АНТАНАС. Он покажет нам, где улица Альбины.
ЙОНАС. Спрашивай на языке врага – так будет безопаснее. (АНТАНАС подходит к МАЛЬЧИКУ и шепчет ему.)
МАЛЬЧИК (покачав головой). Нет! Нет! Я не понимаю! Я не говорю на этом языке! (АНТАНАС и ЙОНАС улыбаются друг другу.)
АНТАНАС. Скажи мне, детка, где улица Славного Будущего?
МАЛЬЧИК. Там через рыночную площадь, за тюрьмой, первая налево.
АНТАНАС. Спасибо, детка, большое тебе спасибо. (АНТАНАС согнувшись перед ним.) Скажи, ты часто здесь играешь?
МАЛЬЧИК. Я не играю!
АНТАНАС. Почему? Когда я был таким, как ты, во что мы только не играли. В грабителей и полицейских, в ковбоев и индейцев.
МАЛЬЧИК. Иногда мы играем в войну. (АНТАНАС гладит МАЛЬЧИКА по голове и замечает цветы. Вытаскивает их и показывает ЙОНАСУ.)
АНТАНАС. Сирень. (МАЛЬЧИКУ. Очень серьёзно.) Не пора ли тебе домой?
МАЛЬЧИК (хватает цветы у АНТАНАСА). Нет! (АНТАНАС обнимает его.) Отпустите меня! Отпустите!
РАССКАЗЧИК. Кто его обижает?! Помогите!
ЙОНАС. Заткнись! Хочешь попасть в беду?!
АНТАНАС (отпускает МАЛЬЧИКА). Всё в порядке, старик. Никто его не обижает. (Целуя МАЛЬЧИКА в лоб.) Пусть Бог хранит тебя. (Идёт к ЙОНАСУ.) Йонас, иди прямо к часовщику и высыпайся.
ЙОНАС. С удовольствием выполню приказ. А вы?
АНТАНАС. Пойду искать денег для часовщика. (Останавливает ЙОНАСА.) Не волнуйся – это не опасно. До завтра. (АНТАНАС и ЙОНАС уходят.
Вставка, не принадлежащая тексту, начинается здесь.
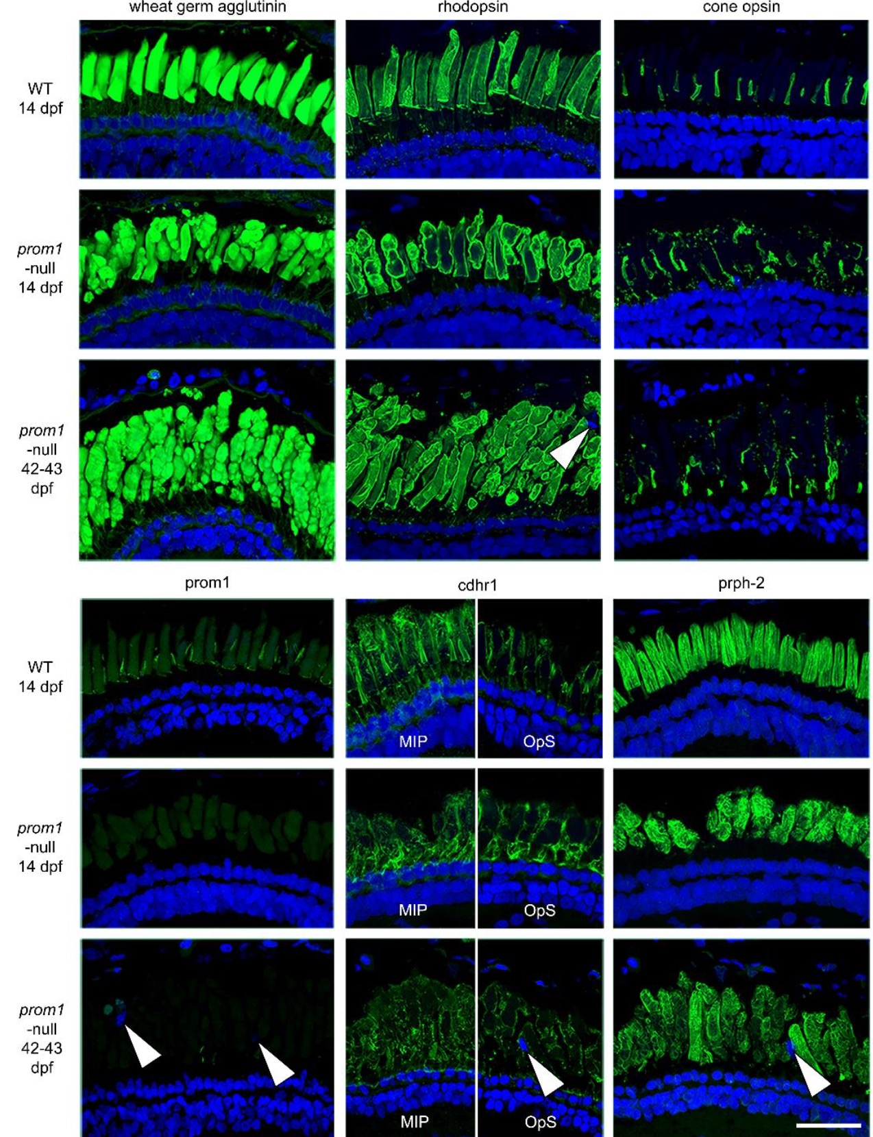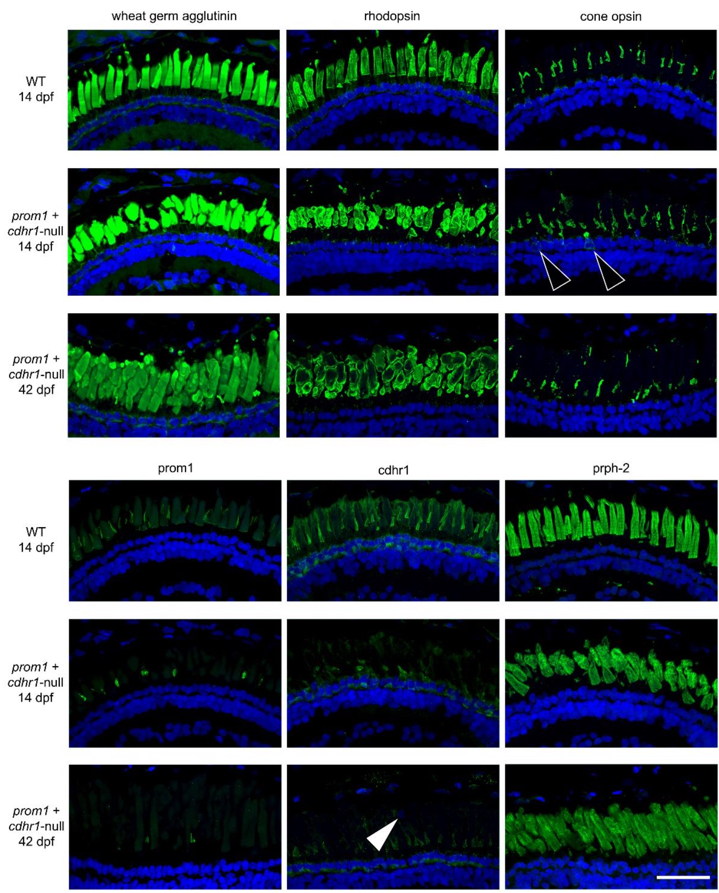 Figure S5. Immunolabelling of various photoreceptor outer segment proteins in wildtype (14 dpf, top; n = 11) and F0 prom1 + cdhr1-null (14 dpf, middle, n = 14; 42-43 dpf, bottom, n = 7) retinas. Similar to prom1-null animals, there were occasional instances of mislocalization of cone opsin to the inner segment (black arrowheads) and an increase in condensed nuclei in the outer segment layer in older animals (white arrowhead). Three replicates. Channels: green = protein of interest, blue = Hoechst. Scale bar = 50 μm. Abbreviations: dpf = days post-fertilization, prph-2 = peripherin-2, WT = wildtype. |

Тишина.)
МАЛЬЧИК. Теперь тихо, дяденька?
РАССКАЗЧИК. Как в гробу. На другом конце города две босые ноги с тяжелым грузом. Лампы первой улицы уже купаются в лужах, как новорожденные цыплята. Не уходи, подожди. Расскажу сказку про оловянного солдатика.
МАЛЬЧИК. Спасибо, нет. Вы очень любезны, но мне нужно идти.
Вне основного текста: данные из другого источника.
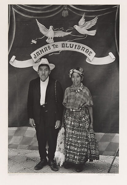 Between 1971 and 1979, Ann Parker traveled throughout rural Guatemala, working alongside the itinerant photographers who plied their trade at village fairs and religious festivals. These journeymen offered their clientele the rare opportunity to sit for a portrait, thus providing the images necessary for government identification cards, as well as personal mementos. For many of the subjects, these inexpensive postcard-sized (or smaller) photographs were the only pictures they would ever have made of themselves. Parker’s series, published in the 1982 book Los Ambulantes: The Itinerant Photographers of Guatemala, documents a photographic practice that existed since the nineteenth century, but had, by the 1970s, almost disappeared. Here, Parker reveals the vibrant, if rudimentary, trappings of makeshift studios, which featured boldly painted backdrops that often bore messages like “I’ll never forget you” (Jamas Te Olvidare.) The figures in this portrait do not smile or mug for its direct manner, Parker's photograph captures more than the practice of itinerant photographers, and conveys the quintessential magic of photography.

РАССКАЗЧИК. Но тебе понравится сказка про оловянного солдатика!
МАЛЬЧИК. Завтра, дядя.
РАССКАЗЧИК. Как я могу помочь тебе?
МАЛЬЧИК (идёт в глубину сцены). Если слышишь военные сапоги, предупреди меня.
РАССКАЗЧИК. Хорошо, малыш. (Тепло.) Твой голос дрожит. Ты боишься?
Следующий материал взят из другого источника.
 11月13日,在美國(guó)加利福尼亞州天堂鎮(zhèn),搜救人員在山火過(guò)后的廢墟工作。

МАЛЬЧИК (делает ещё шаг. Останавливается). Немного, дяденька, совсем немного.
РАССКАЗЧИК.
Что останется от твоего тела,
Жившего ради удовольствий смело?
Только кости, что не съели муравьи,
Сидят в глазницах жирные червяки.
Пока РАССКАЗЧИК поёт, МАЛЬЧИК осторожно достаёт из-под рубашки букет цветов и поправляет их. Вдруг полон решимости разворачивается и убегает в глубину сцены. Свет гаснет. Внутрь колёсной мастерской появляется из темноты. Лунный свет пробирается через окошко около потолка. Несколько статуй. АНТАНАС осторожно входит в колёсную мастерскую, смотрит наружу, медленно закрывает дверь. Мгновение колебания. Медленно идёт к статуям, вытаскивает из одной старый чемодан, открывает, берёт кучу денег, завернутую в брезент. Лунный свет становится ярче. АНТАНАС кладёт деньги в карман, достаёт из чемодана помятую грязную кофточку, и приборы работы скульптора. Осматривает их внимательно и с удивлением, как будто бы они были чрезвычайно хрупкими. Его взгляд скользит со снаряжения к залитым лунным светом статуям.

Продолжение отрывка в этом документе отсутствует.